ImClone Systems Incorporated's Erbitux Approved for Colorectal Cancer in Japan

NEW YORK--(BUSINESS WIRE)--ImClone Systems Incorporated (NASDAQ: IMCL - News), a global leader in the development and commercialization of novel antibodies to treat cancer, today announced that ERBITUX® (cetuximab) has received marketing authorization in Japan for use in treating patients with advanced or metastatic colorectal cancer (mCRC). Specifically, this approval allows for the use of ERBITUX to treat patients with epidermal growth factor receptor (EGFR)-positive, curatively unresectable (inoperable), advanced or recurrent CRC, and allows the use of ERBITUX plus irinotecan in second and further lines of mCRC. With this approval, ERBITUX is the first ever EGFR-targeted monoclonal antibody to be submitted for and receive marketing authorization in Japan.

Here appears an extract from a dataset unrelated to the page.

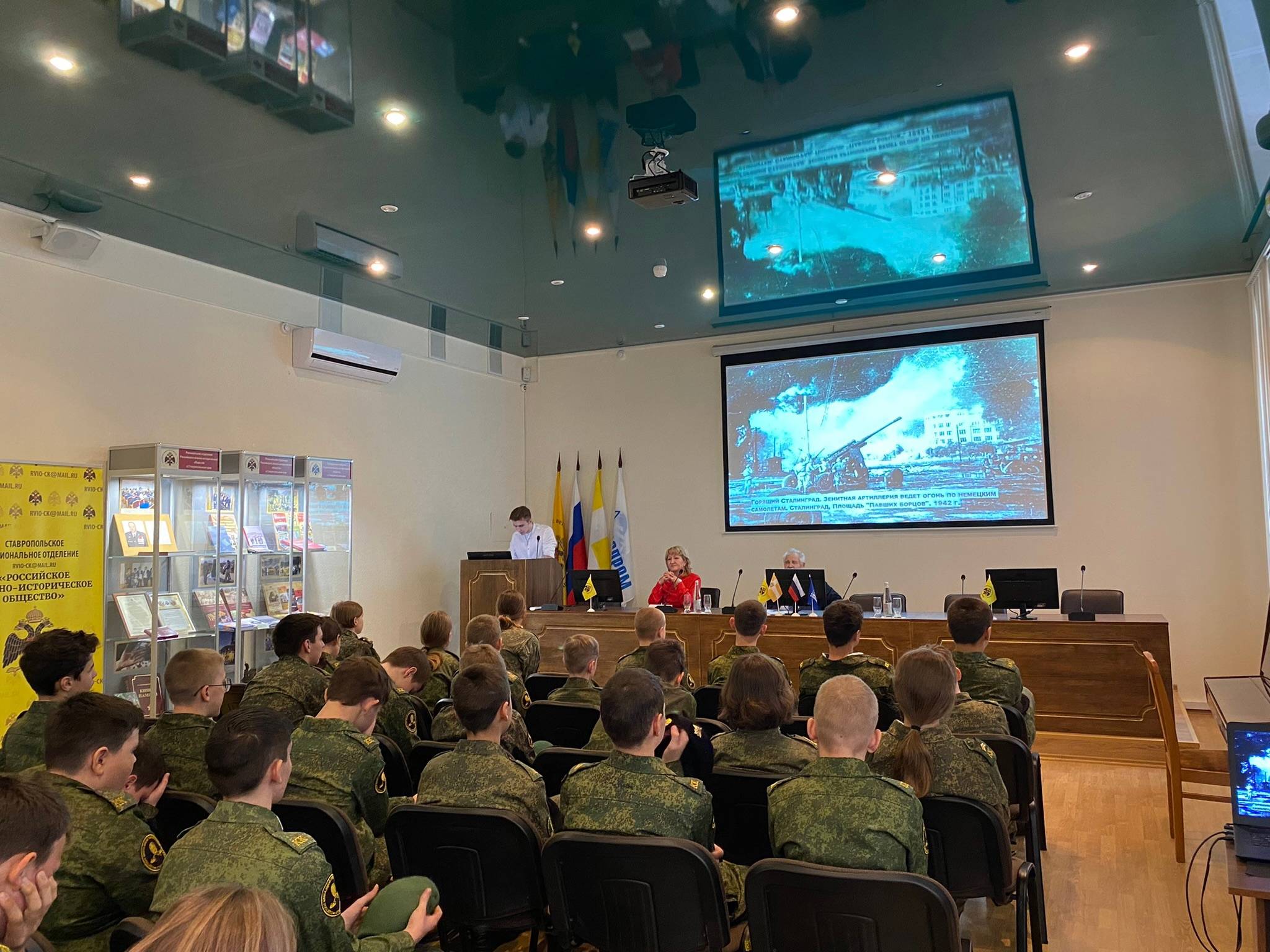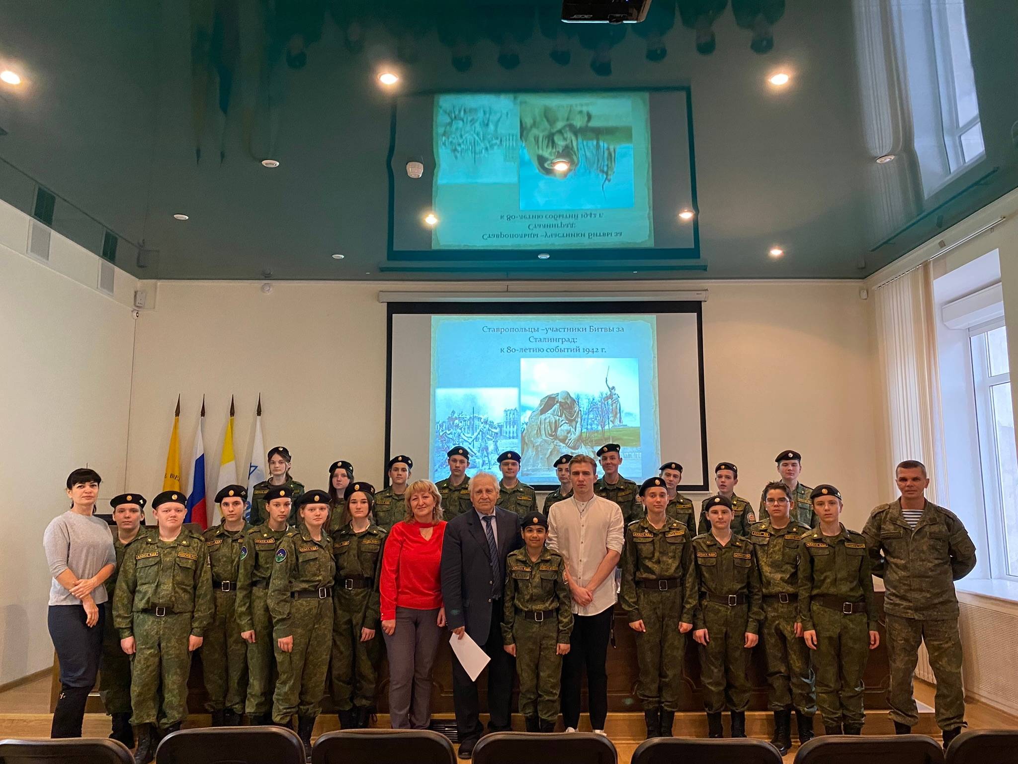 17 ноября 2022 года в конференц-зале Регионального отделения Российского военно-исторического общества в Ставропольском крае (РО РВИО СК) состоялось заседание клуба «Юный патриот» РО РВИО СК в формате круглого стола «Ставропольцы – участники Битвы за Сталинград: к 80-летию события».

“This approval is a major milestone for ImClone, first and foremost because we and our ERBITUX partners Merck KGaA and Bristol-Myers Squibb are now able to provide a new treatment option to cancer patients in Japan, where colorectal cancer is one of the fastest growing and most prevalent disease threats to both men and women,” said John H. Johnson, Chief Executive Officer of ImClone. “ImClone is committed to maximizing the potential of ERBITUX as an effective therapy for patients around the world with various types of cancer. We look forward to broadening its approved use in Japan to include earlier lines of treatment of colorectal cancer as well as other cancers in the future.”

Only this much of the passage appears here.